In Deutschland gibt es gefühlt alle 50 Kilometer einen Regionalflughafen, auch die Schweiz hat einige. Wie viele braucht ein kleines Land?

Die Schweiz hat mit Zürich, Genf und Basel drei Flughäfen, die in ihrer wirtschaftlichen Wertschöpfung nicht unterschätzt werden sollten. Zudem muss die Erreichbarkeit eines Landes sichergestellt sein. Die Schweiz ist ja sehr exportorientiert. Kleinere Flughäfen erfüllen wiederum eine wichtige Funktion als Zubringer zu den grossen Drehkreuzen.

Für diese Kurzflüge gibt es Alternativen: In der Schweiz bietet die Swiss in Kooperation mit der SBB schnelle Zubringerzüge ab Basel, Genf und Lugano nach Zürich statt Zubringerflüge an. In Deutschland kooperiert die Lufthansa mit der Deutschen Bahn. Ist das ein Modell der Zukunft?

Es ist grundsätzlich wichtig, dass man die Kombination und Vernetzung der Verkehrsträger voranbringt. Wenn das funktioniert, wird der Markt sich ganz von selber einspielen. Zwischen Hamburg und Berlin ist die Zugverbindung so gut, dass kein Mensch nach Flugverbindungen ruft. Die Entwicklung muss sein, die verschiedenen Verkehrsträger in einem Zusammenspiel in ihren Stärken zu nutzen, statt den einen gegen den anderen auszugrenzen.
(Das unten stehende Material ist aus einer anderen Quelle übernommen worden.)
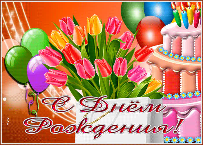 Открытка с днем рождения женщине с тортом и букетом тюльпанов - приятное и искреннее поздравление онлайн. Открытка с днем рождения женщине с тортом и букетом тюльпанов, скачать и отправить бесплатно.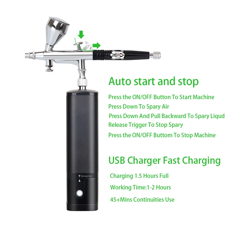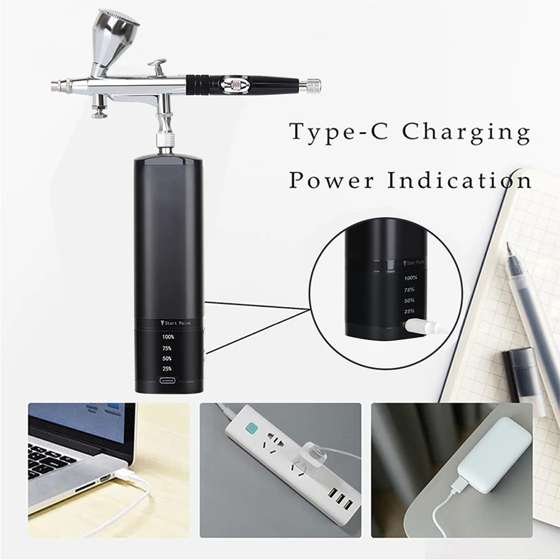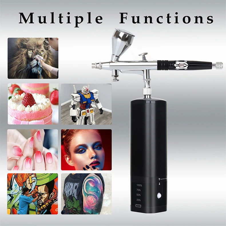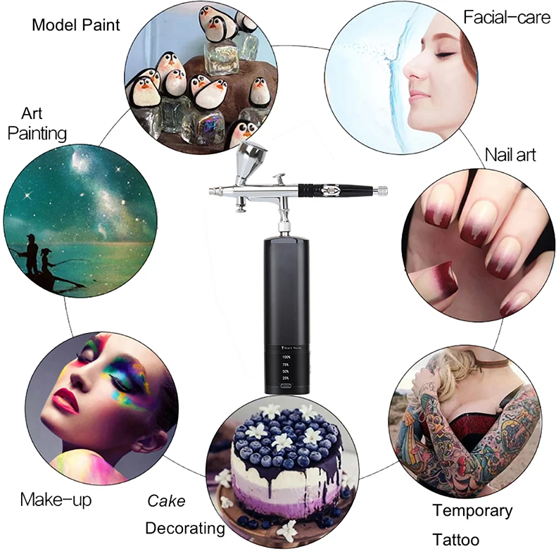 airbrush painting kit can be placed in your backpack or pocket,it's light weight and easy to carry around.Portable cordless airbrush kit can be used for cake decorating,makeup,nails design,tattoo,model painting,art painting,handicraft and so on. The airbrush must be cleaned thoroughly after each use to avoid nozzle clogging or uneven spraying.

Dann werden sich gewisse Dinge von selbst regeln. Die Reisenden werden die beste Option auswählen.

Das Schweizer Volk hat soeben mit knapper Mehrheit einen Vorschlag abgelehnt, für eine Senkung des CO2-Ausstosses unter anderem das Fliegen zu verteuern. Wie sehen sie die Wirkung nationaler Bestrebungen wie dieser?

Die Luftfahrt ist international. Also sollte man verbindliche Klima-Abgaben für Flüge auf internationaler Ebene regeln. Wenn sie sich von Land zu Land unterscheiden, schwächt es die Industrie jener Länder, die voran gehen. Das kann ja auch nicht im Sinne einer Wirtschaftspolitik sein.